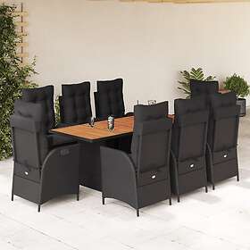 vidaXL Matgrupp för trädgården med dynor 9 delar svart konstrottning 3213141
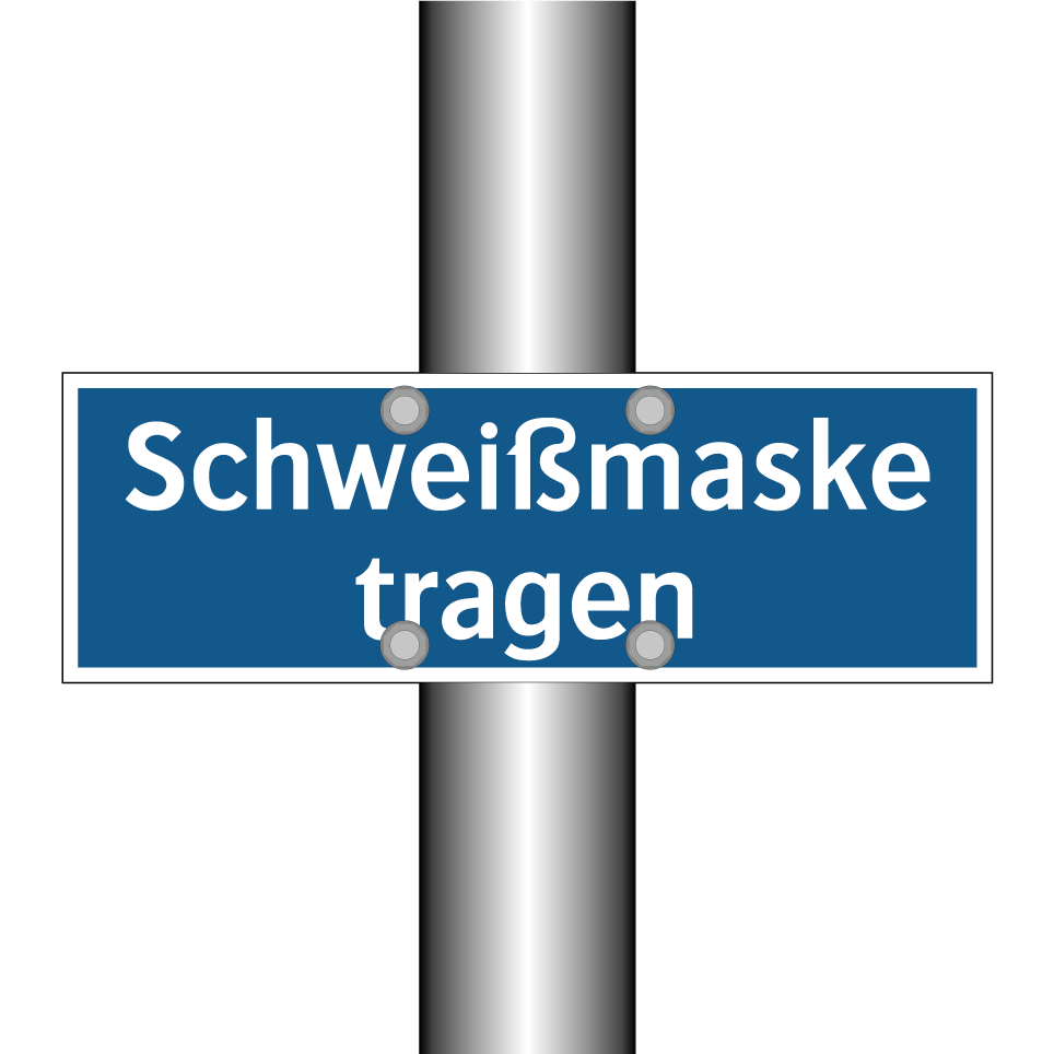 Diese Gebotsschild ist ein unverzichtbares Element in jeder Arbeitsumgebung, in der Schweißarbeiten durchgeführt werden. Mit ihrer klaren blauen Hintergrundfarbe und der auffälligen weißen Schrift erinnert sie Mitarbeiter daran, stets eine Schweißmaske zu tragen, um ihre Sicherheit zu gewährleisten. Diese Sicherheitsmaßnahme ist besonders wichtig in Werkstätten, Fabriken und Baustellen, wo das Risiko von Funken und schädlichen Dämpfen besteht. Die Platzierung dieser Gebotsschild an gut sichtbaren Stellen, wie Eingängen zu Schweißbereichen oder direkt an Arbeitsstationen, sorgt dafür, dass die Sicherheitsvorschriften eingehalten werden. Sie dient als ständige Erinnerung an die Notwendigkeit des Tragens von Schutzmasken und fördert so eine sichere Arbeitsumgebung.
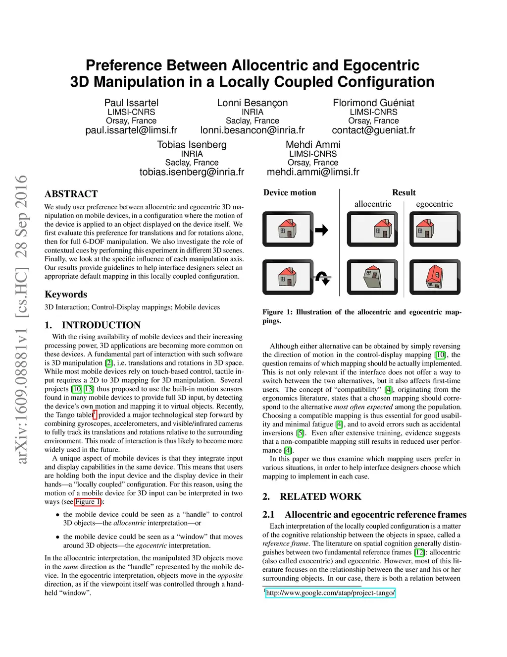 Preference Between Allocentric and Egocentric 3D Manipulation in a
□ □ □ □ □ □ □
• [Aim of the task]: A faithful transcription of the material, with no pictures, is the expected result.

• [Solved problem]:
 vidaXL Matgrupp för trädgården med dynor 9 delar svart konstrottning 3213141
 Diese Gebotsschild ist ein unverzichtbares Element in jeder Arbeitsumgebung, in der Schweißarbeiten durchgeführt werden. Mit ihrer klaren blauen Hintergrundfarbe und der auffälligen weißen Schrift erinnert sie Mitarbeiter daran, stets eine Schweißmaske zu tragen, um ihre Sicherheit zu gewährleisten. Diese Sicherheitsmaßnahme ist besonders wichtig in Werkstätten, Fabriken und Baustellen, wo das Risiko von Funken und schädlichen Dämpfen besteht. Die Platzierung dieser Gebotsschild an gut sichtbaren Stellen, wie Eingängen zu Schweißbereichen oder direkt an Arbeitsstationen, sorgt dafür, dass die Sicherheitsvorschriften eingehalten werden. Sie dient als ständige Erinnerung an die Notwendigkeit des Tragens von Schutzmasken und fördert so eine sichere Arbeitsumgebung.
 Preference Between Allocentric and Egocentric 3D Manipulation in a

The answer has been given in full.